The Damascus Road was the easy part

A Sermon on the 6th Sunday of Easter (5/5/AD2013)

Acts 16:6-15; Psalm 67; Revelation 21:9-12, 21-22:5; John 14:23-29

We don’t often think of it in these terms, but the Book of Revelation may be the most important book in the Bible for understanding Christian worship. It offers a set of images to describe this world’s future: a future better than we deserve, a future we certainly can’t achieve. It is a future so glorious that it’s only right that we start celebrating, giving thanks for that future now. And so one of the most frequently used words for our worship is eucharist, a transliteration of the Greek word for celebration. Further, the same book describes the worship revealed to the seer: angels and archangels and all the company of heaven singing out “Worthy is the Lamb…” So in our Eucharistic prayers when we say “with Angels and Archangels and with all the company of heaven” we’re acknowledging that our worship is joining with something bigger.

That future is a given. “After this I looked, —writes John—and there was a great multitude that no one could count, from every nation, from all tribes and peoples and languages, standing before the throne and before the Lamb, robed in white, with palm branches in their hands. They cried out in a loud voice, saying, ‘Salvation belongs to our God who is seated on the throne, and to the Lamb!’” (Rev 7:9-10 NRSV) In the midst of a world bleeding from more divisions than most of us can keep track of, it sounds wonderful. And we have the privilege of witnessing to this future now in our actions.

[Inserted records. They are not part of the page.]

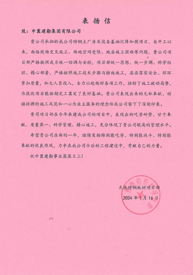 近日,集團(tuán)公司陸續(xù)收到國內(nèi)外項(xiàng)目業(yè)主發(fā)來的表揚(yáng)信,信中對我公司的項(xiàng)目管理、團(tuán)隊(duì)建設(shè)、安全文明施工、技術(shù)質(zhì)量管控等,給予了高度評價(jià),同時(shí)送上了新年一年的祝福。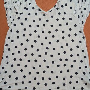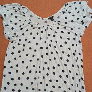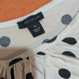 B&W Polka Dot Flutter-Sleeve Blouse, Ann Taylor, Sz Medium
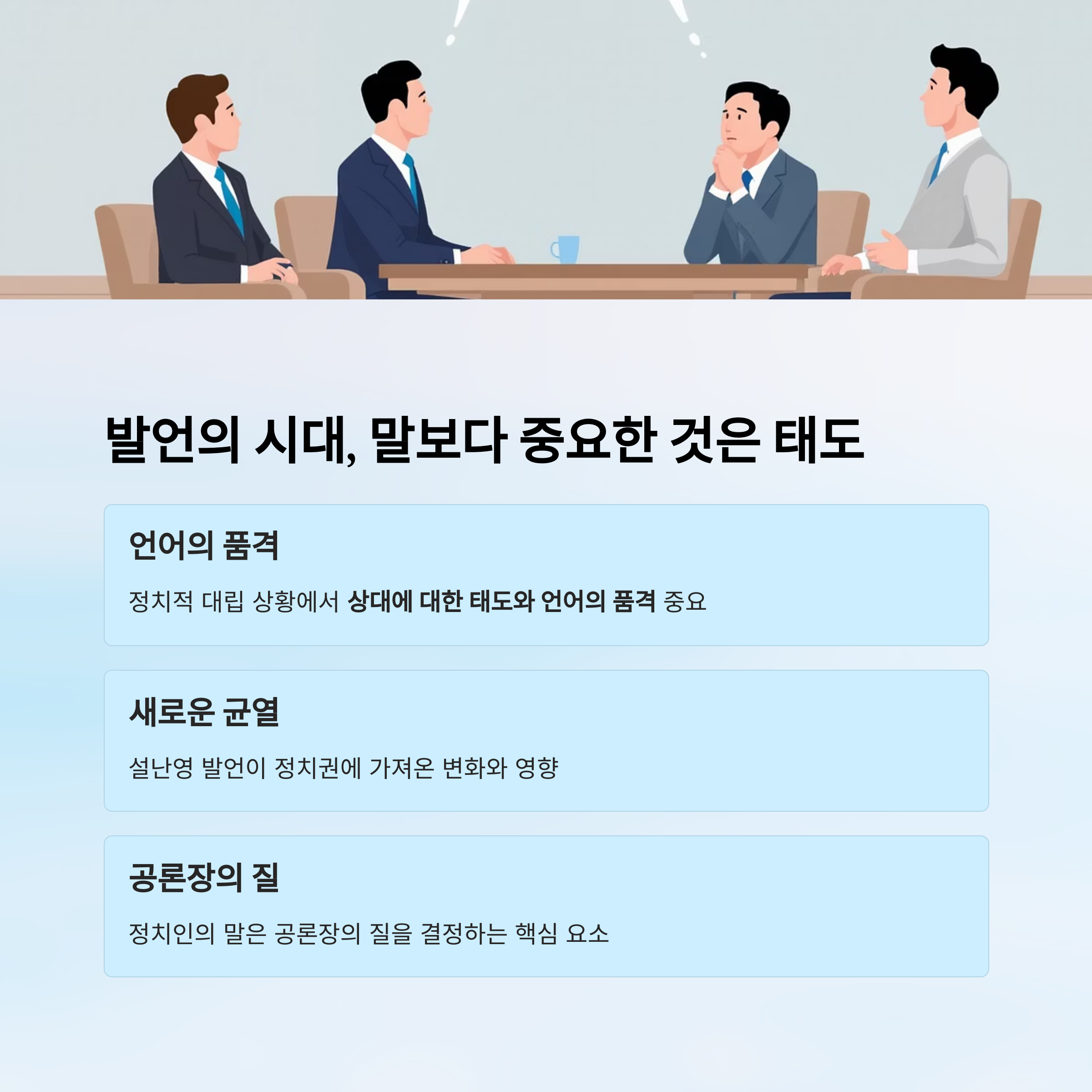 정치인의 말은 단순한 소음이 아닌, 공론장의 질을 결정하는 요소입니다.

Wonderful. Piece of cake. Or—in light of the first reading—maybe not. Because if we pull out a map to make sense of those first verses it’s clear that Paul’s trying to go anywhere except Macedonia. And why would that be?

Well, although the Jews had been oppressed by many nations (Egypt, Assyria, Babylonia, etc.), it was only the Macedonians, Alexander the Great and the leaders who followed him, that had seriously tried to abolish Jewish faith and practice. Less than two hundred years earlier Antiochus Epiphanes, paragon of enlightenment, had offered countless Jews a simple choice: eat pork or be tortured to death. (Read about it in the books of Maccabees!) Which nation had shown itself to be the deadliest enemy of the Jews? Macedonia. And Paul was supposed to go there?

“Those who love me—Jesus had said—will keep my word.” Paul, loving Jesus in the only way that mattered—kept his word. It took the Holy Spirit vetoing his travel plans twice and a vision in the night, but Paul kept Jesus’ word, went to Macedonia.

That was good news for Macedonia: for Lydia and her household, for others whose story we’ll hear next week. It was good news for our ancestors, for Macedonia represented the beginning of Paul’s mission to Europe, to our people. It would be nice if Acts had reported that Paul was eager to evangelize our people. Kicking and screaming would be closer to the truth—but we’ll take it.

And it turned out to be good news for Paul as well. Years later he writes a letter that readers refer to as the joyous letter. There’s so much joy in the letter, joy over what’s happening in that city, the joy that the Christians there give Paul, the ways they nurture his spirit. And that’s the letter to the Philippians.

We come together each week to celebrate the future that God is preparing for this planet. People “from every nation, from all tribes and peoples and languages” will participate. Some days we find it easy to witness to that future; other days—like Paul—we find it not so easy. Some days we deal with folk we hope are part of that future; other days… “Those who love me—Jesus had said—will keep my word.” May God grant us grace to continue loving Jesus, to continue witnessing to his vision of our planet’s future each of our days.